■ RECORDS FOR THIS TASK:
▼▼▼
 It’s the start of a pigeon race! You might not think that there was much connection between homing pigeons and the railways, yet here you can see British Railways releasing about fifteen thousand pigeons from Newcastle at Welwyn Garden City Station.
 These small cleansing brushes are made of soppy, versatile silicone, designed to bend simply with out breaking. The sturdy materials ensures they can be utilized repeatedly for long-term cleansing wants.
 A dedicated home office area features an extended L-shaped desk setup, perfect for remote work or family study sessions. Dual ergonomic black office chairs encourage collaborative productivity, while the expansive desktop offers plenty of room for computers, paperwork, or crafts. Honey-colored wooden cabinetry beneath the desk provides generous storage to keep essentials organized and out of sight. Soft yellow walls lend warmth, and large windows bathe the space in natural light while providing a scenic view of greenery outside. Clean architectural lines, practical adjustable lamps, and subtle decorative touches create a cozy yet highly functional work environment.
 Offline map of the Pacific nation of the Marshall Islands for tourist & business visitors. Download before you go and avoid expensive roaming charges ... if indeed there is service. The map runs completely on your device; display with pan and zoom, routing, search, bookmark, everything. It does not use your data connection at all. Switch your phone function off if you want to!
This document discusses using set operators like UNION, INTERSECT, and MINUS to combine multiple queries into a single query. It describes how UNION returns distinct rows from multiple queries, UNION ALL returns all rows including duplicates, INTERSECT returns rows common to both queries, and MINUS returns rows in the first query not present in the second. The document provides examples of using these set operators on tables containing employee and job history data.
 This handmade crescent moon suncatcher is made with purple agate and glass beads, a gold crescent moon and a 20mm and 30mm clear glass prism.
▲▲▲
▼▼▼
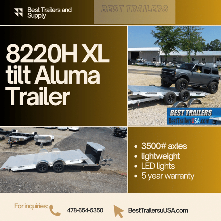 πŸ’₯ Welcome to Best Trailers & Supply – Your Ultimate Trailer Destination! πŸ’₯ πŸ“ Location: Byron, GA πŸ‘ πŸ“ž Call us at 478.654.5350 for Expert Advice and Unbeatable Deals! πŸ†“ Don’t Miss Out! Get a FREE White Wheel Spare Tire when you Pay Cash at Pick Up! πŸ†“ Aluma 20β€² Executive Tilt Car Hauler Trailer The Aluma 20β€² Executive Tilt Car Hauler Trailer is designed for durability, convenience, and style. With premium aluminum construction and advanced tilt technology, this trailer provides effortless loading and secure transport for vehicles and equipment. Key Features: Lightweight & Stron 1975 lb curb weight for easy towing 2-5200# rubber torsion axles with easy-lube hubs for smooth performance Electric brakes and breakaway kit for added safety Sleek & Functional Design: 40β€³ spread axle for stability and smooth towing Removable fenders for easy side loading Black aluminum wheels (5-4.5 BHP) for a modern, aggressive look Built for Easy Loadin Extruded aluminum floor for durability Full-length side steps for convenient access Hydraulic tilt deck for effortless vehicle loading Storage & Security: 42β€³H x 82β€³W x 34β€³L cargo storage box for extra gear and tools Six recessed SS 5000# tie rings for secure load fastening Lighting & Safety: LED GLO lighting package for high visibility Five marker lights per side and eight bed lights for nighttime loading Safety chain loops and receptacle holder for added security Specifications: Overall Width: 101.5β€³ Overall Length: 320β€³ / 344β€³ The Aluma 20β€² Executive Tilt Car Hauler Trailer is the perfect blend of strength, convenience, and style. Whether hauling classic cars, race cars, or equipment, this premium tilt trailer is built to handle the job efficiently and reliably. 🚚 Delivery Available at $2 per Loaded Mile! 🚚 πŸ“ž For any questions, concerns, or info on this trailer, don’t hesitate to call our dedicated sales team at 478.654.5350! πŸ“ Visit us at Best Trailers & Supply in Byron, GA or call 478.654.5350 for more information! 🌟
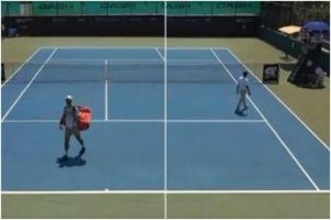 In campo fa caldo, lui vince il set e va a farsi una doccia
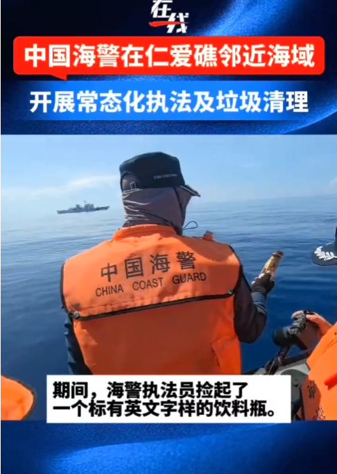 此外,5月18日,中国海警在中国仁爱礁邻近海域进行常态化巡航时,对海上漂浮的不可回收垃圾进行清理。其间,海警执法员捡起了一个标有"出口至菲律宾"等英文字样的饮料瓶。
▲▲▲
▼▼▼
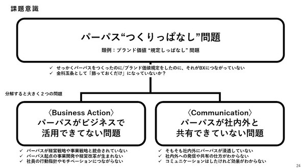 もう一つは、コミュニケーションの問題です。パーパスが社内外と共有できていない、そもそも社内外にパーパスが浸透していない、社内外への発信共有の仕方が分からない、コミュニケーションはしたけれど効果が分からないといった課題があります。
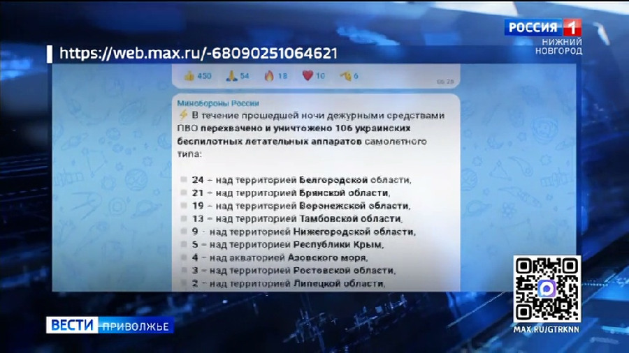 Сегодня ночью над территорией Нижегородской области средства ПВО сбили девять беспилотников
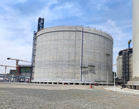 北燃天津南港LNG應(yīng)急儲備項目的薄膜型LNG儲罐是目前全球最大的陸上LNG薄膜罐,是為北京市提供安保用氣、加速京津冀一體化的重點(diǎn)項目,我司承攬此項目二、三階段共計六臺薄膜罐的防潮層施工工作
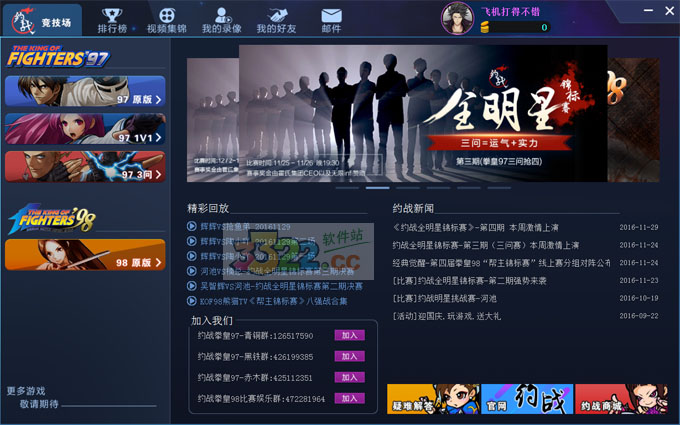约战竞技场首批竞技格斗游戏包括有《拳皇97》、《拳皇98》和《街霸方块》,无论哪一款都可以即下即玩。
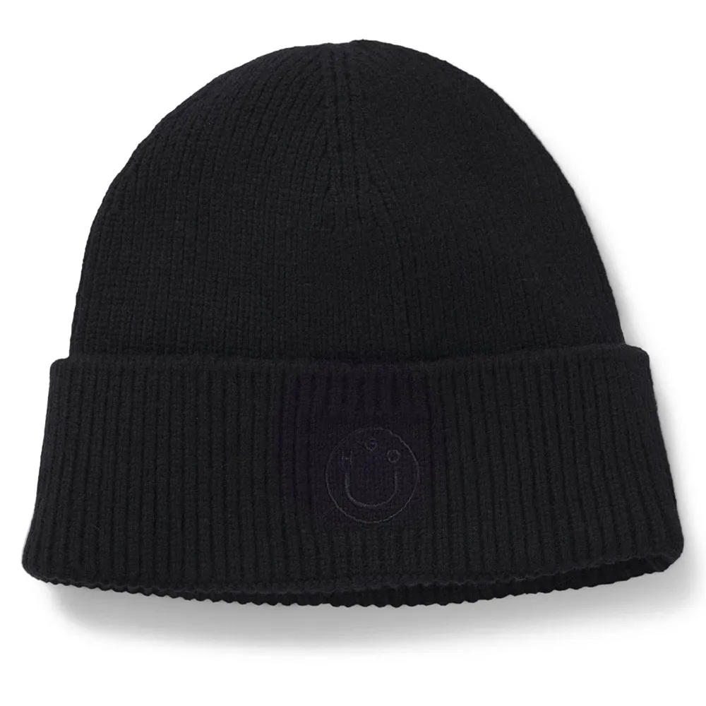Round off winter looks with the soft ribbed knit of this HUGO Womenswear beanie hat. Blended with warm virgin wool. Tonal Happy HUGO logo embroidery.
▲▲▲
■ PROMPT: In the entries above, please find the line with "It’s the start" and the line with "These small cleansing", then write out exactly those two lines and every line between them, and nothing more.

■ RESPONSE FOR THIS EXERCISE:
 It’s the start of a pigeon race! You might not think that there was much connection between homing pigeons and the railways, yet here you can see British Railways releasing about fifteen thousand pigeons from Newcastle at Welwyn Garden City Station.
 These small cleansing brushes are made of soppy, versatile silicone, designed to bend simply with out breaking. The sturdy materials ensures they can be utilized repeatedly for long-term cleansing wants.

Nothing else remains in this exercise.